There’s blood and bits of or­gan ev­ery­where. Dirk is in shock. Jen knows if he re­moves the blade he might bleed to death. She walks into his per­sonal space. She pulls the pa­per towel away, sticks her hand in his jeans, grabs his phone, di­als 9-1-1. With the speak­er­phone on, she places it on the ground, steps back two paces, looks over her shoul­der, think­ing, I don’t want to be caught here right now! She wipes the resid­ual blood from her hand onto fresh snow. Dirk snaps out of his fugue state when he hears the op­er­a­tor go­ing “Hello? Hello?” Jen leaves. Every­one hears the am­bu­lance come into the park­ing lot. No one ever knew that Jen saved Dirk. She never heard a thank-you, but then again, she doesn’t even know if he was con­scious of her pres­ence, or if he even knew who she was. The teach­ers felt rel­a­tively safe dis­cussing the in­ci­dent in sub­tle terms and soft voices, know­ing that stu­dents would never guess the sub­ject. “Do you think it was pre­med­i­tated?” “Where else did the bot­tle come from?” “He was lucky?” “De­pends on what you mean by lucky.” “Talk about a bro­ken heart.” It’s an in­ci­dent that es­capes lan­guage be­cause it’s im­pos­si­ble to be se­ri­ous about it with­out laugh­ing, with­out caus­ing se­ri­ous dam­age to your tongue in the pres­ence of the par­ents of the “vic­tim.” Dirk re­fused to talk about it. It should be noted that sev­eral temps lost their jobs for un­sched­uled vis­its to the doc­tor for oral in­juries. It wasn’t un­til the bot­tle of lube was dis­cov­ered that peo­ple started to have sus­pi­cions of some­thing un­cat­e­go­riz­able. All the cow parts and the blade made no sense to the paramedics.
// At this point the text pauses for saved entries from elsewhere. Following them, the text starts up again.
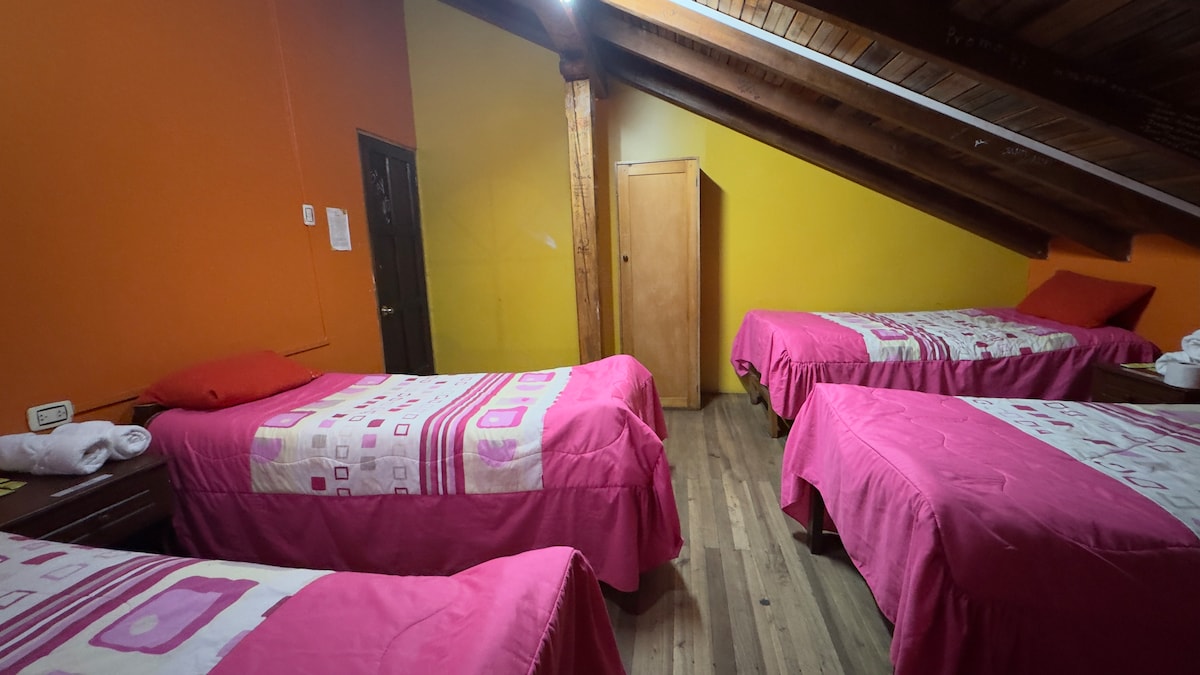 Njut av en bekväm och funktionell vistelse i vårt fyrbäddsrum, utrustat med fyra enkelsängar, perfekt för grupper, familjer och vänner som söker ett rymligt och praktiskt utrymme. Det har ett eget badrum och alla bekvämligheter på ett hotell: sängkläder, varmvatten, TV, Wi-Fi, grundläggande toalettartiklar och en välkomnande atmosfär för att koppla av efter en dags aktiviteter i Salinas de Guaranda. Ett perfekt alternativ för bekväma, smidiga och fridfulla boenden.
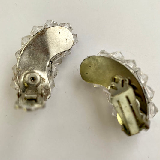 Late 50s/ Late 60s Crescent-Shaped Glass Crystal Earrings
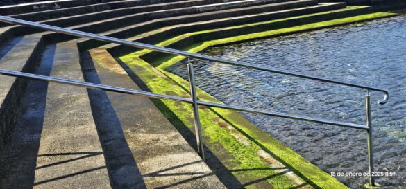 El accidente ocurrió en los escalones cubiertos de musgo verde, una zona que se vuelve especialmente peligrosa debido a la acumulación de humedad. Aunque la piscina fue renovada recientemente, incluyendo la instalación de una nueva barandilla, no se implementaron rejillas de tramex en los escalones, una medida que los usuarios consideran esencial para evitar resbalones.
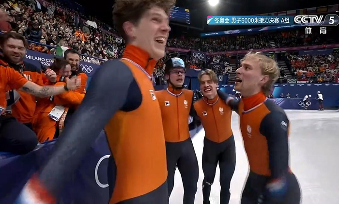 随后进行的A组决赛,荷兰队拿下金牌,收获本届短道速滑项目第五金,韩国队、意大利队、加拿大队分列第二至第四。
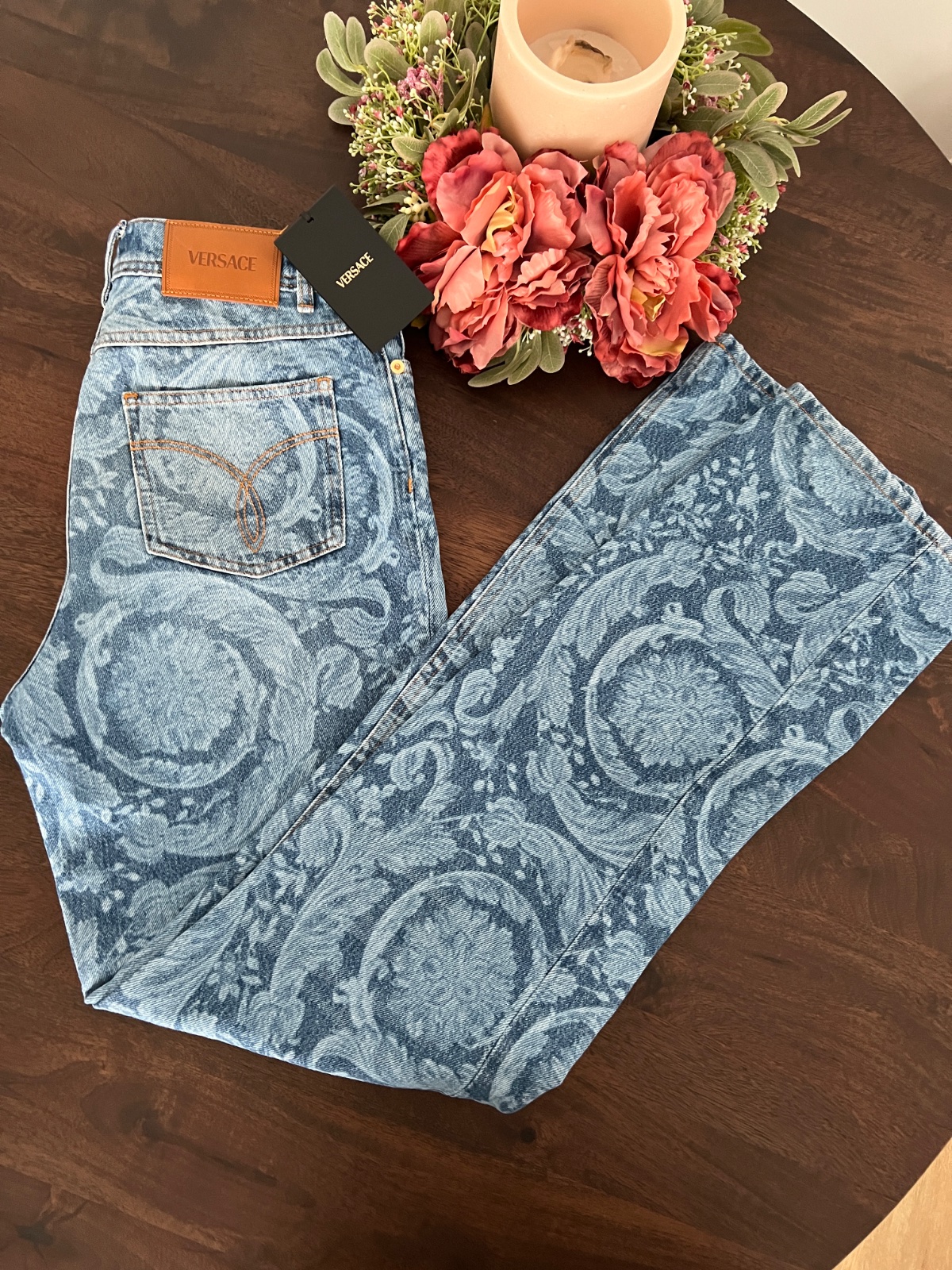 Krasne rifle Versace velkost M , kupovane na Mallorke. Stali 950€ cenu vidno na poslednej fotke . Su nove s vysackami. Predavam k nim aj bluzku Versace na fotke za 650€
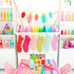 Rainbow Stripe Paper table cloth or wrapping paper roll. Measures 2' by 6'. Use to wrap gifts or as a disposable table cover.
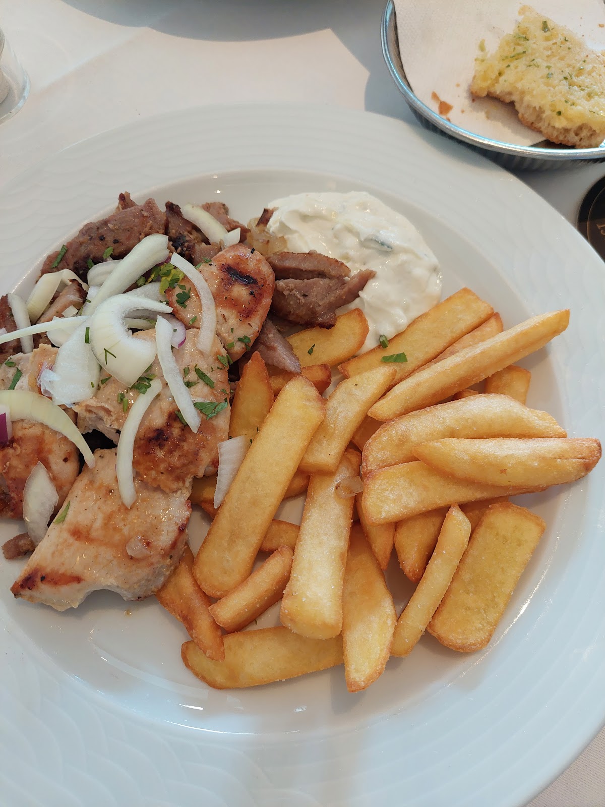 I had an amazing warm garlic bread and Gyros, I adored it! But 5€ for a bottle of water...too much!
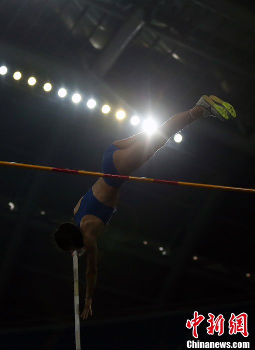 9月8日,在沈阳举行的第十二届全运会女子撑杆跳高决赛中,选手在比赛中全力以赴拼搏。中新社发 张家瑞 摄
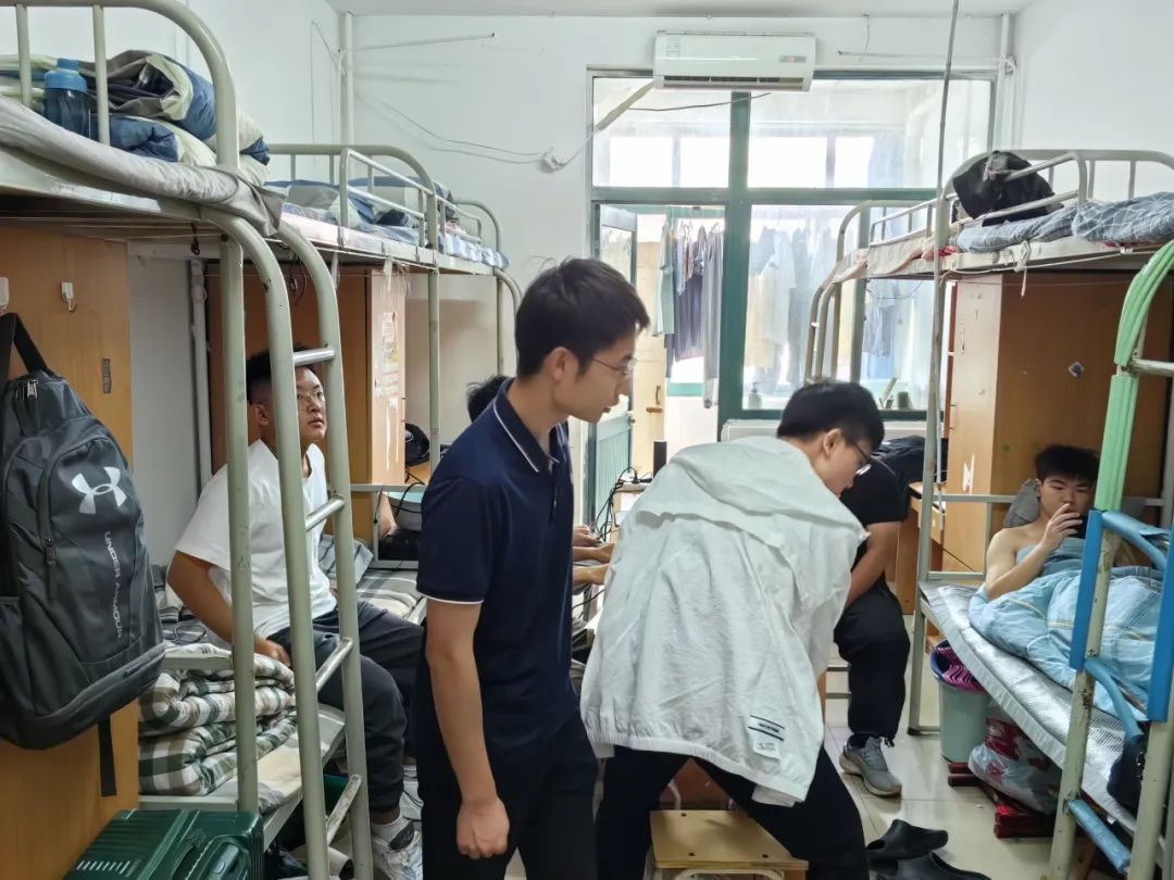 杨老师对新生的到来表示欢迎,亲切地询问大家对大学阶段的期待与憧憬;叮嘱新生遇到困难要第一时间与辅导员联系,并对新生寝室进行了一系列排查,检查寝室内是否存在安全隐患,同时告诉同学树要立防诈骗意识、保护自身财产安全,不随便相信他人;杨老师还强调舍友之间一定要团结友爱,互帮互助,并提醒大家早秋时节早晚温差较大,注意及时增减衣物,预防感冒。

Pro­lif­er­a­tions of teach­ers were or­dered by threat of ter­mi­na­tion to try their best to some­how ex­plain to Dirk’s par­ents what their son could not. Even if it was all just spec­u­la­tion. That ra­zor blade had to get in there some­how. You have to bite your tongue pretty hard some­times when you spec­u­late. Jen was al­ready un­pop­u­lar so she didn’t care that she was the only one in the class that laughed aside from the guy trip­ping on mush­rooms. As for Dirk, he grad­u­ated grade thir­teen in a hos­pi­tal bed. No pic­tures, please.